# calcium carbide headlamps



## papasan (May 31, 2002)

does anyone still make the old-style brass carbide miners headlamps? looking around for one, but all i can find in current production models is the new fangled petzls and other that costs close to $100.

most of the ones on ebay are old rusted junkers, made to put on a shelf in the smithsonian, not fit for use caving or as an emergancy lamp.

how much light and for how long should i expect to get from one of te small headlamp units? am i wasting my time/money? should i just stick with electric?


----------



## cave dave (May 31, 2002)

Nobody makes the small cap lamps any more, and any that show up on e-bay, etc are instantly snatched by collectors for way too much money (or they don't work)

There are also good brands and bad brands and I don't know which is which. I've bought two on ebay and neither worked. (they had small cracks which leaked the flamable gas




) It's also hard to get ahold of calcium carbide (it can't be shipped)

Still, there are cavers who swear by them. They produce a wide soft yellow beam which is easy on the eyes. They also produce heat which can be valuble in emergancy situations.

But they smell bad, and you have to change carbide every 2-3 hrs, and then you have to carry spare carbide (which can be explosive)
and you have to pack out the spent carbide which is poisonous (and still flamable). And they are heavy on the helmet.

You decide!


----------



## papasan (May 31, 2002)

i didn't know that they smell bad or that the waste was still combustable. and i thought they lasted more than 2-3 hours. perhaps i'll just stick with electric.

do the lamps or reflectors get hot to the touch? does the flame go out easily?


----------



## Luff (May 31, 2002)

Carbide lanterns satisfied a need when batteries were less dependable and didn't pack enough amps to last. While neat, they just aren't very practical for most cavers anymore.

The lamps drip water from the top section onto carbide in the lower section and the carbide releases acetylene. Yes, those lanterns stink when you're adding the carbide and cleaning out the residue, but there's no smell when the lantern is sealed and burning.

Not to dispute cave dave's comments ... that's some great information! Perhaps my experiences with carbide lamps are just a little different?

Back in the dark ages when I used my lantern in caves, I remember the light being significantly whiter than incandescent bulbs. Doesn't acetylene burn a blueish-white when compared to, say, propane? Anyway, the light is surely less white than LEDs.
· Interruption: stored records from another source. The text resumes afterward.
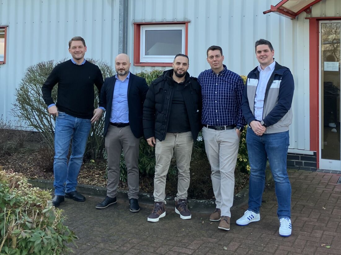 Christoph Böttcher, Geschäftsführer TREX.PARTS; Mehmet Ay, Head of Aftermarket Parts Sales, und Raschad Muzayan, Aftermarket Sales Representative Customer, beide JLG; Christopher Klose, Direktor Produktmanagement & Procurement, sowie Produktmanager OE Jannik Brandt, beide TREX.PARTS (v.l.)
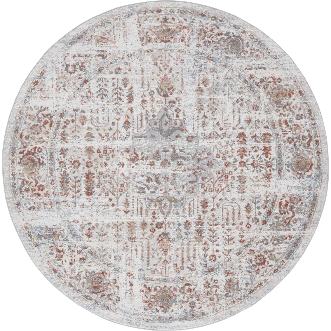 Ravishing and alluring, this trendy Austin Nixon Round Rug from United Weavers is perfect for a contemporary decorative style. An appealing, modern pattern with an ultra modish color pallet will enrich any room decor. This 7 ft. 10 in. rug is stunningly machine constructed in Turkey using durable heat set/polyester shrink yarn with jute backing for stain resistance and longevity
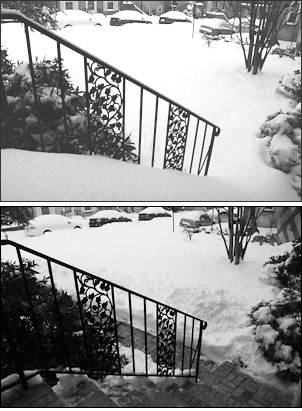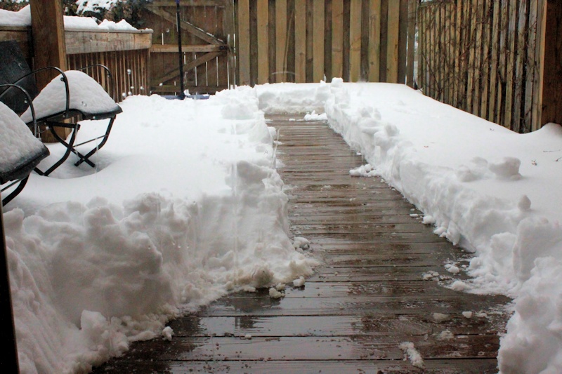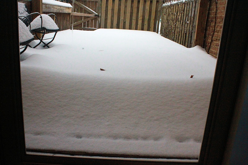 We had at least 8 inches of snow tonight. That's more than we've ever had in this house and shoveling was quite a workout.
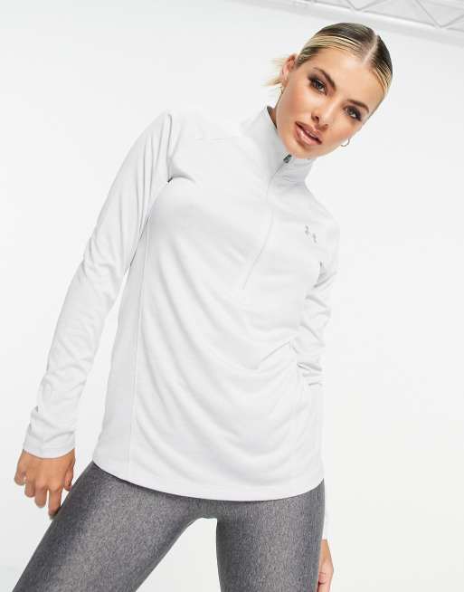 Under Armour – Training Tech – Twist-Oberteil in Hellgrau mit halbem Reißverschluss

My reflector got fairly warm, but could still be handled, and the lantern body stays near ambient temp. The flame isn't in contact with the jet or reflector.

I never had a problem keeping it lit, but then I never used it in a windy place. 

cave dave's absolutely right about how hard it is to get carbide! Something I learned a couple months ago when I was thinking about getting some for my lantern just for fun was that just recently one supplier has started shipping carbide direct. Carbide isn't cheap to begin with ... and to get delivery you have to order a large amount ... and then, the shipping costs are horrendous! It's a very hazardous substance and you pay dearly for transportation. I don't remember the supplier, but found it with a Google search.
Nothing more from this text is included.